MS
    Miguel Santos|Head of Sales

    Miguel Santos is Head of Sales at Quota Engine with over 8 years of experience in B2B sales and revenue operations across DACH markets. He has helped 50+ companies build predictable sales pipelines and has generated over 10,000 qualified meetings for clients ranging from startups to Fortune 500 enterprises.

    11 min readLinkedIn

    Ringy Review 2026: Complete Guide for B2B Sales Teams

    What is Ringy?

    Ringy (formerly iSales) is a CRM with a built-in VoIP dialer purpose-built for high-volume sales teams in industries like insurance, financial services, mortgage lending, and home services. Unlike general-purpose CRMs that require third-party dialer integrations, Ringy delivers phone-first functionality natively — putting calling, texting, and voicemail drop at the center of the rep experience rather than treating them as add-on features.

    The platform was designed to solve a specific problem: high-volume outbound sales teams in regulated industries need a CRM that makes it as fast as possible to work through a lead list via phone, log the outcome, and move to the next call — without switching between a dialer application and a separate CRM. By combining these functions, Ringy reduces the friction in the calling workflow and enables reps to make significantly more productive contact attempts per hour.

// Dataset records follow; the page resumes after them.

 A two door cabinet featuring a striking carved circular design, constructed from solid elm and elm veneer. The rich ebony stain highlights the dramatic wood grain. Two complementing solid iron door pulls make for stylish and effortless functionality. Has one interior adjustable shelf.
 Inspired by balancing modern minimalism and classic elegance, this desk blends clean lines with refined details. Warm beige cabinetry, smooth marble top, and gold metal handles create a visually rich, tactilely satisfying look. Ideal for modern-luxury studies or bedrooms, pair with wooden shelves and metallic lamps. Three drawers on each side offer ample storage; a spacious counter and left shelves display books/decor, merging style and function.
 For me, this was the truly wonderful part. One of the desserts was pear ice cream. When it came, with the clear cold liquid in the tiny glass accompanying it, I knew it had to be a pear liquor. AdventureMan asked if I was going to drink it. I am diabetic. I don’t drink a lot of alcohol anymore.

    Ringy has built a loyal customer base primarily in the United States among insurance agencies, independent financial advisors, mortgage brokers, and direct sales organizations. Its feature set is tightly focused on the phone-based outbound sales workflow rather than trying to serve every use case, which gives it a depth of dialer functionality that general-purpose CRMs cannot match. The platform is cloud-based and accessible from web browsers, with companion iOS and Android apps for mobile use.

    Key Features

    Built-In VoIP Dialer with Power Dialing

    Ringy's core differentiator is its native VoIP dialer, which allows reps to make outbound calls directly from the CRM without switching to a separate application. The power dialer automatically queues the next call in a lead list as soon as the previous call ends, minimizing dead time between calls and enabling reps to work through large lead pools efficiently. Local presence dialing — which displays a caller ID number with a local area code matching the prospect's location — is included, significantly improving answer rates on outbound cold calls. Voicemail drop functionality allows reps to leave pre-recorded messages with a single click when calls go to voicemail, saving 30–60 seconds per unanswered call.

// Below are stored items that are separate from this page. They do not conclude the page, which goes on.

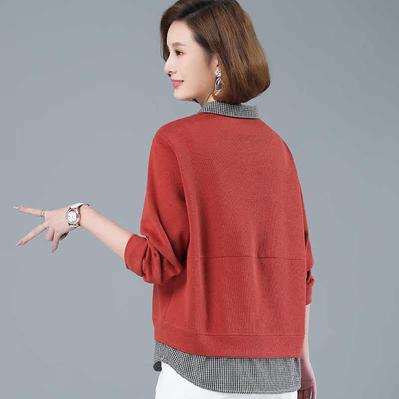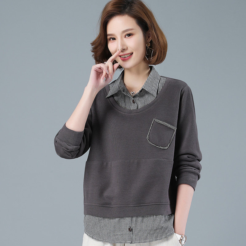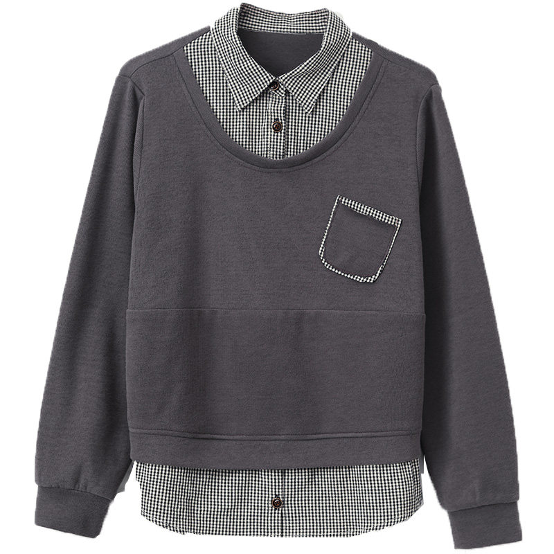 The Remembrance Show 2022 Spring Dress New Thick Cotton T Women's Sleeve Head Plaid Shirt Collar Fake Two Fashion Casual Splicing
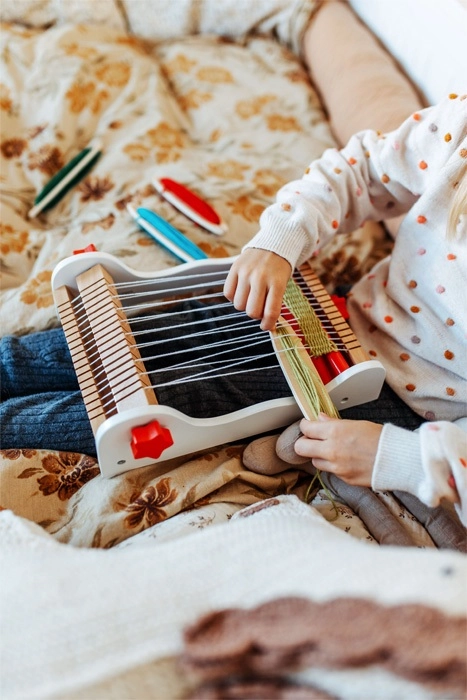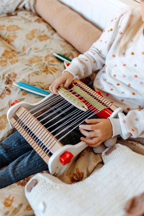 Kompaktowa, biurkowa konstrukcja z przejrzystym prowadzeniem osnowy i prostym przewlekaniem wątku ułatwia dzieciom zrozumienie podstaw tkania już od pierwszej próby.
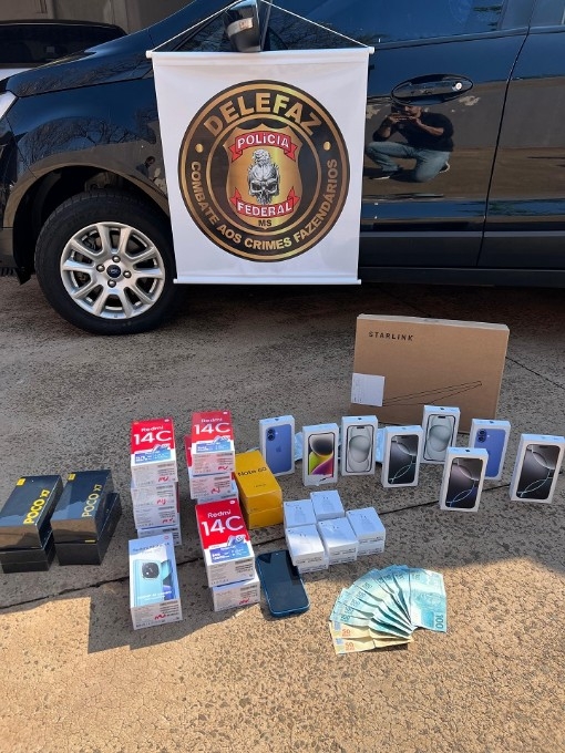 A Polícia Federal, em ação conjunta com a Receita Federal, apreendeu 100 aparelhos celulares
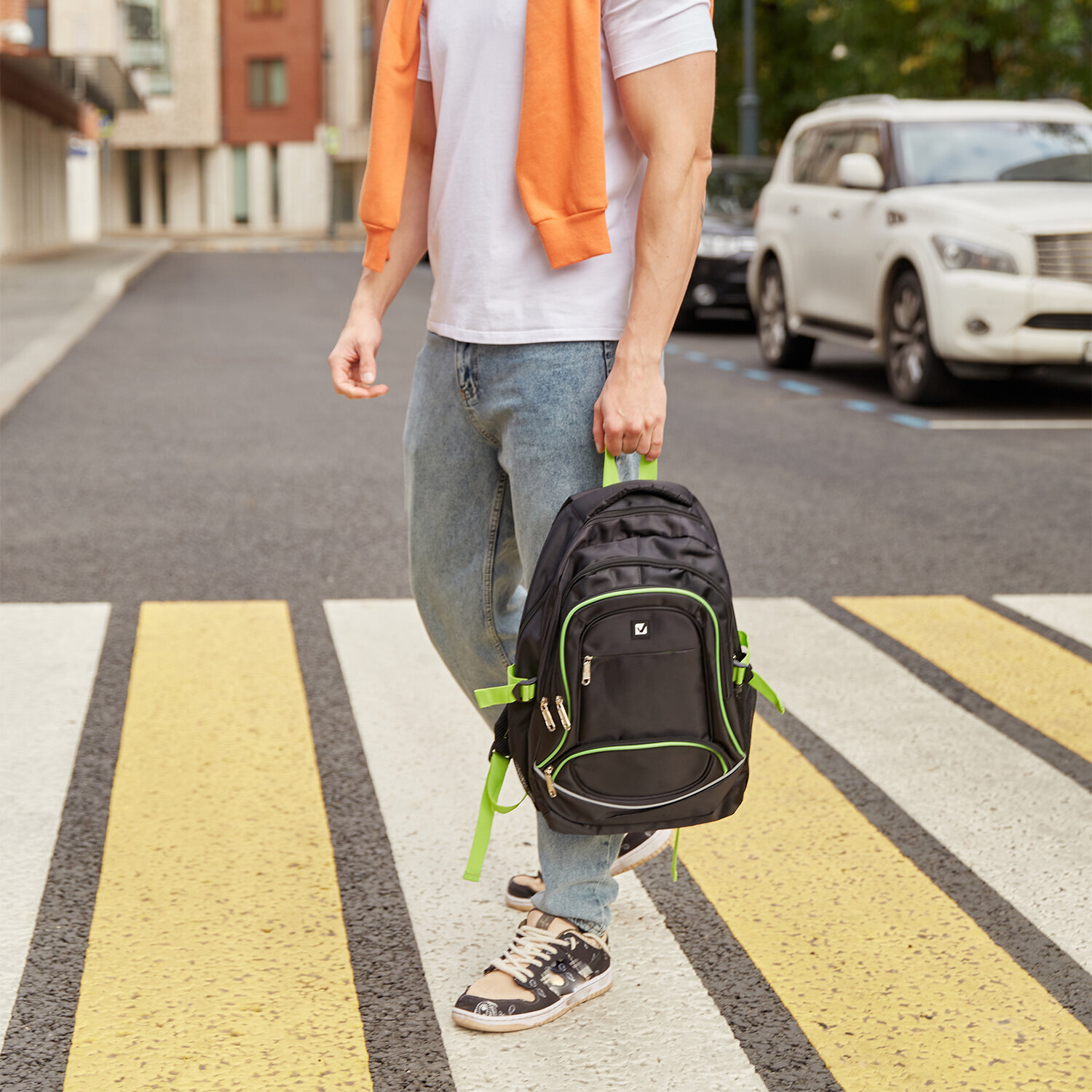 Рюкзак BRAUBERG HIGH SCHOOL универсальный, 3 отделения, "Акцент", черный/салатовый, 46х31х18 см Код товара: 270761 1 309,78 ₽ Купить Производитель:BRAUBERG Классический рюкзак BRAUBERG с отличной функциональной организацией и эргономичностью обеспечит комфортное использование как для учебы,так и для отдыха. Качественные материалы и фурнитура делают этот рюкзак максимально надежным для ежедневного применения. Удобный и надежный рюкзак BRAUBERG имеет оптимальную функциональную организацию - три вместительных отделения, боковые карманы и наружный карман для быстрого доступа к необходимым вещам. Внутри основного отделения предусмотрен большой карман-разделитель и подвесной карман на молнии для важных вещей. Особенности: - дополнительные швы надежно фиксируют лямки в верхней и нижней части рюкзака; - светоотражающий элемент на фронтальной стороне повысит безопасность владельца в темное время суток; - формоустойчивая спинка и эргономичные регулируемые плечевые ремни анатомической формы, оснащенные пропускающей воздухонабивной подкладкой, обеспечивают максимальный комфорт при ношении рюкзака; длина лямок 42,5 см, максимальная длина тесьмы 42 см. - прочная и мягкая эргономичная ручка позволяет комфортно носить рюкзак не только на спине, но и в руках. Для подвешивания на крючок можно использовать ручку-петлю; - рюкзак изготовлен из надежного и качественного материала - полиэстера, стойкого к износу и истиранию и обладающего водоотталкивающим эффектом. Для подкладки используется прочный, устойчивый к воздействию загрязнений полиэстер. - каждое отделение рюкзака имеет долговечную реверсивную молнию с двумя большими металлическими бегунками; - благодаря своей конструкции рюкзак не кажется громоздким. Если рюкзак не заполнен полностью, его можно уплотнить боковыми стягивающими ремнями, придав аккуратную форму и внешний вид; - рюкзак имеет боковые карманы из эластичной сетки, которые подходят для хранения бутылок с водой и зонта, а также карман на молнии на передней стенке. Разнообразие расцветок и дизайнов коллекции HIGH SCHOOL поможет каждому потребителю подобрать себе рюкзак по вкусу. Рюкзак упакован в плотный ПЭТ-пакет, который сохранит качество и товарный вид при хранении и транспортировке.Производство: КитайПол: унисексСерия: HIGH SCHOOLОбъем: 30 лКоличество отделений: 3Регулируемые лямки: даКоличество карманов: 6 шт.Фронтальный карман: даБоковые карманы: даНаличие ручки для переноса: даВентилируемые лямки: даРемни для утягивания основного отделения: даМатериал: полиэстерЦвет: черный/салатовыйДизайн: АкцентВысота: 46 смШирина: 31 смГлубина: 18 смДлина лямок: 84.5 смВес: 0.55 кгРазмер упаковки: 6.7 × 46.5 × 34.9 смОбъём: 0.0054 м3Промежуточная упаковка: 6 штТранспортная упаковка: 24 штШтрих-код: 4606224357515 Сертификат-1.jpg Сертификат-2.jpg Сертификат-3.jpg

    Automated SMS and Text Campaigns

    In addition to voice calling, Ringy includes a built-in SMS module that allows reps to send individual texts and automated text message sequences directly from the CRM. This is particularly valuable for insurance and financial services sales, where text message response rates are substantially higher than email for follow-up and appointment confirmation. Automated SMS sequences can be triggered based on lead status changes, time elapsed since last contact, or manual enrollment, allowing teams to run consistent multi-touch follow-up programs without manual effort. Two-way text conversations are tracked in the contact record alongside call notes.

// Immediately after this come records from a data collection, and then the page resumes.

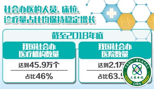 “社会办医是我国医疗服务体系的重要组成部分,是增加医疗资源有效供给,满足群众多层次多样化健康服务需求的重要力量。”国家卫生健康委副主任王贺胜说,近年来我国社会办医取得了长足进展,截至2018年底,我国社会办医疗机构数量达到45.9万个,占比46%;社会办医院数量达到2.1万个,占比63.5%。社会办医的人员、床位、诊疗量占比均保持稳定增长。
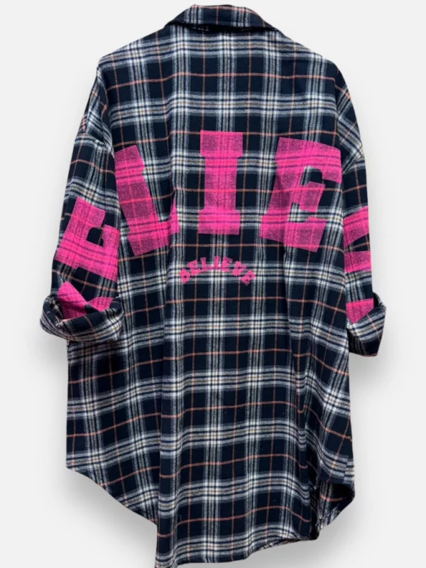 Prête à affronter le froid avec style et une touche d'optimisme ? La chemise Believe est bien plus qu'une simple chemise à carreaux, c'est une pièce forte qui allie confort et personnalité. Inspirée du style "petite maison dans la prairie" avec une touche résolument moderne, elle est confectionnée dans un tissu épais au toucher flanelle d'une douceur incroyable. Ce qui la rend si spéciale, c'est son inscription "Believe" qui se déploie dans le dos, un message positif qui contraste avec son allure décontractée. Portez-la fermée comme une chemise classique, ou ouverte comme une surchemise sur un haut plus fin pour un jeu de superpositions très tendance. Sa coupe longue et sa matière chaude en font l'alliée parfaite des journées fraîches, pour un look à la fois confortable et stylé.
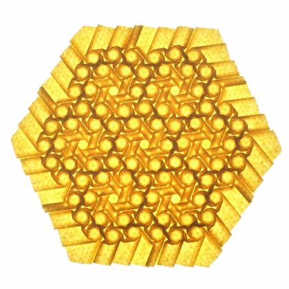 Desert Rose creates incredible complexity while using only two simple twists (open hexagon and closed triangle twists), which echoes the incredible complexity made from simple elements in nature.
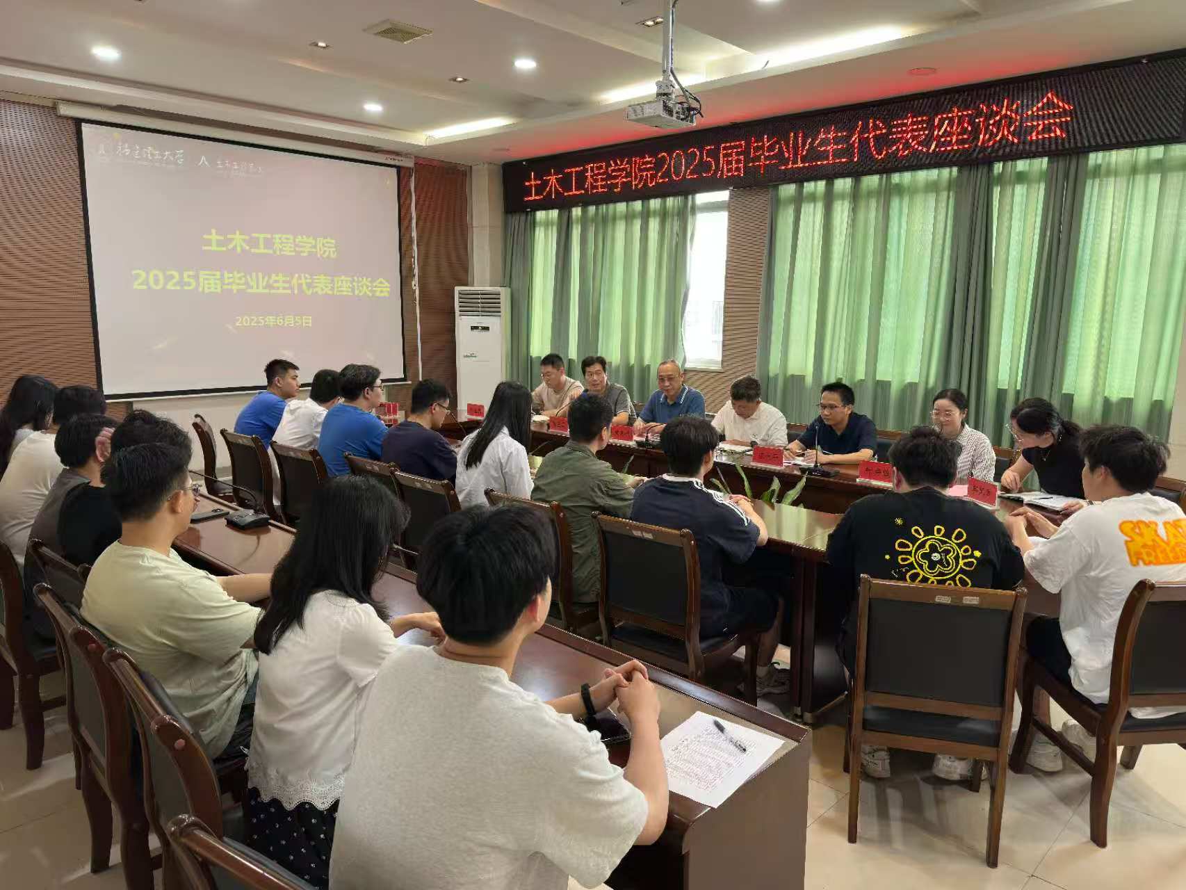 为搭建师生沟通桥梁,全方位倾听毕业生成长感悟与发展诉求,帮助学子们以更从容的姿态迈向人生新征程。6月5日下午,土木工程学院在思源楼六楼会议室召开2025届毕业生座谈会。学院党委书记黄志铭、院长王刚、副书记陈庆周、副院长庄金平、院长助理周宇、2025届毕业生辅导员以及25届研究生、本科生毕业生代表参加了此次座谈会,会议由陈庆周主持。
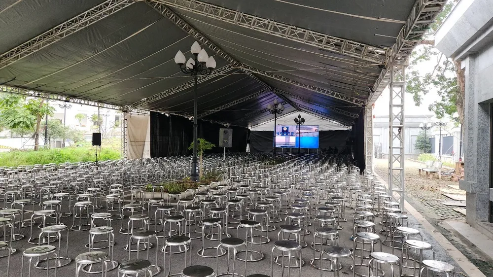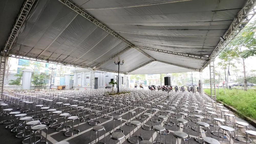 Chiều 18-3, tại khuôn viên trụ sở Tòa án nhân dân TP Hà Nội, xuất hiện nhà bạt cỡ lớn với hàng ngàn chỗ ngồi cùng hệ thống màn hình lớn. Khu vực này là nơi dành cho các bị hại theo dõi diễn biến phiên xét xử.
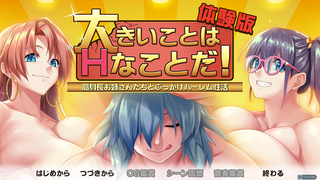 お姉さんヒロインの作品を多くリリースしているアトリエかぐやの最新作は身体の大きな女性、いわゆる“巨女”にスポットを当てたハーレム系AVGです。シナリオと原画を有栖川千里氏が務めており、こだわり溢れる肉感的なボディは見るものを圧倒させます!! ヒロインの姿を一度見たら忘れられない…そんな衝撃的な本作を、体験版から内容をチェックしてみますよ!! さて大きなお姉さんたちとのハーレムとは、どんなものなのでしょうか?
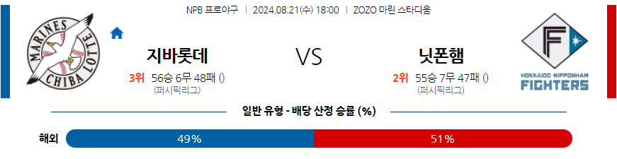 [킹콩티비] 08월 21일 지바롯데 vs 니혼햄 NPB 생중계, 스포츠분석,스포츠중계
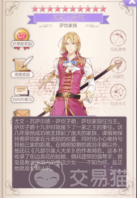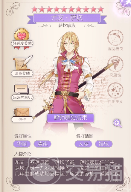 玩家可以选择的换装游戏很多,但是比较偏向于宫廷设定的换装游戏是非常少见的,螺旋圆舞曲除了可以聊天之外,还能邂逅很多不同的角色,可以不断提升这些角色的喜爱度,然后从他们那里收集情报,螺旋圆舞曲尤文介绍分享给大家,通过这些介绍可以了解这个角色,这样攻略起来会变得更简单。
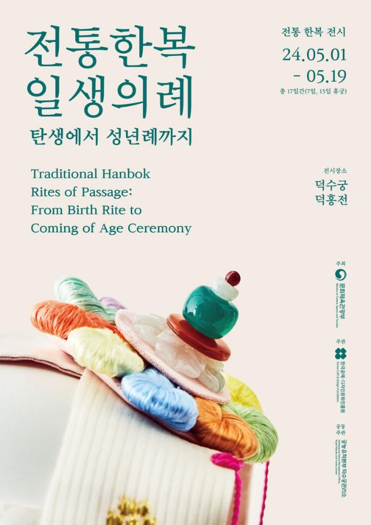 문화재청 궁능유적본부 덕수궁관리소는 5월 1일부터 19일까지 덕수궁 덕홍전(서울 중구)에서 한국공예·디자인문화진흥원과 5월 가정의 달을 맞아 탄생부터 성년례까지 성장기별 주요 의례에 착용하는 한복을 선보이는 <전통한복 일생의례, 탄생에서 성년례까지> 전시를 개최한다.

    Lead Management and Distribution

    Ringy includes a lead management module designed to handle the high-volume, multi-source lead flows common in insurance and financial services. Leads can be imported via CSV, received via API from lead generation platforms, or created manually. The platform supports automatic lead distribution rules — round-robin, rep capacity-based, or geographic — ensuring that new leads reach the right rep quickly without manager intervention. Lead aging alerts flag contacts that have not been attempted within a configurable time window, preventing high-value leads from falling through the cracks in a busy queue.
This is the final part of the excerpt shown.